For the first time, religious self-identification is on the decline in American. Some analysts have cited as cause a post-9/11perception: that faith in general is a source of aggression, intolerance, and divisiveness—something bad for society. But how accurate is that view? With deep learning and sympathetic understanding, Karen Armstrong sets out to discover the truth about religion and violence in each of the world’s great traditions, taking us on an astonishing journey from prehistoric times to the present.

While many historians have looked at violence in connection with particular religious manifestations (jihad in Islam or Christianity’s Crusades), Armstrong looks at each faith—not only Christianity and Islam, but also Buddhism, Hinduism, Confucianism, Daoism, and Judaism—in its totality over time. As she describes, each arose in an agrarian society with plenty powerful landowners brutalizing peasants while also warring among themselves over land, then the only real source of wealth. In this world, religion was not the discrete and personal matter it would become for us but rather something that permeated all aspects of society. And so it was that agrarian aggression, and the warrior ethos it begot, became bound up with observances of the sacred.

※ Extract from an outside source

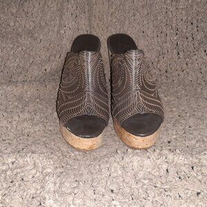 LOLA CRUZ-Cork Platform-Brown Leather/Mini Studded Clogs-Boho-Sz 39-Near Mint

In each tradition, however, a counterbalance to the warrior code also developed. Around sages, prophets, and mystics there grew up communities protesting the injustice and bloodshed endemic to agrarian society, the violence to which religion had become heir. And so by the time the great confessional faiths came of age, all understood themselves as ultimately devoted to peace, equality, and reconciliation, whatever the acts of violence perpetrated in their name.

Industrialization and modernity have ushered in an epoch of spectacular and unexampled violence, although, as Armstrong explains, relatively little of it can be ascribed directly to religion. Nevertheless, she shows us how and in what measure religions, in their relative maturity, came to absorb modern belligerence—and what hope there might be for peace among believers of different creeds in our time.

At a moment of rising geopolitical chaos, the imperative of mutual understanding between nations and faith communities has never been more urgent, the dangers of action based on misunderstanding never greater. Informed by Armstrong’s sweeping erudition and personal commitment to the promotion of compassion, Fields of Blood makes vividly clear that religion is not the problem.